# System of linear equation question: Intersection of three equations

1. Mar 10, 2009

### zeion

1. The problem statement, all variables and given/known data

Solve the system of the linear equations and interpret your solution geometrically:
2x + y + 2z - 4 = 0 [1]
x - y - z - 2 = 0 [2]
x + 2y -6z - 12 = 0 [3]

3. The attempt at a solution

I've tried to eliminate the y variable:
[1] + [2]
3x + z - 6 = 0 [4]

[1]x(-2) + [3]
-3x -10z + 4 = 0 [5]

Now solve for z
[4] + [5]
-9z - 2 = 0
z = -2/9

Is this correct so far?
I'm not sure what to do now, do I do this whole process again and solve for another variable? Or can I sub the z into [4] or [5]?

2. Mar 10, 2009

### Staff: Mentor

Yes, substitute your z value into equations 4 and 5, to solve for x. Now you know z and x, so substitute them into any of your first 3 equations.

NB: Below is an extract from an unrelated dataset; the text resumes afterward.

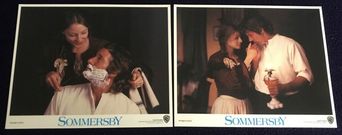 Full set of original 1993 lobby cards (8) 10x8 inches. Sommersby is a 1993 American romantic period drama film directed by Jon Amiel from a screenplay written by Nicholas Meyer and Sarah Kernochan. The film stars Richard Gere and Jodie Foster in the lead roles. Bill Pullman, James Earl Jones, Clarice Taylor, Frankie Faison, and R. Lee Ermey are featured in supporting roles. Set in the Reconstruction period following the U.S. Civil War, the story is adapted from the historical account of 16th century French peasant Martin Guerre. In the film; John (Gere) is presumed dead after he fails to return from the Civil War. His wife, Laurel (Foster), is set to marry her neighbour, Orin Mecham (Pullman), but he mysteriously returns after six years.

To check, make sure that all three of your starting equations are true statements when you replace x, y, and z with the values you have found. If all three equations are satisified, you're golden.

3. Mar 10, 2009

### zeion

Sub z into [4]
3x + (-2/9) - 6 = 0
x = 56/27

Sub z into [5]
-3x -10(-2/9) + 4
x = 56/27

So x = 56/27
Now when I sub in the values x = 56/27 and z = -2/9 into [1] and [2] I get y = 8/27,
but when I sub it into [3] I get 116/27.. Did I do something wrong?

4. Mar 11, 2009

### Staff: Mentor

Yes.
That + 4 should be -4.
I get z = -10/9

5. Mar 11, 2009

### zeion

I don't really get it.

[1] x (-2) = (-2)(2x + y + z - 4) = -4x -2y -4z +16
+ [3]
-4x -2y - 4z +16 + x +2y -6z -12 = 0
-3x -10z + 4 = 0

16 - 12 = 4

6. Mar 11, 2009

### zeion

I've just tried to eliminate x first instead of y.. and I get totally different values for z -_-

7. Mar 11, 2009

### Staff: Mentor

-2 * -4 = 8, not 16

8. Mar 11, 2009

### zeion

Oh geez. I must be blind. I have the correct answer now, thanks for your help.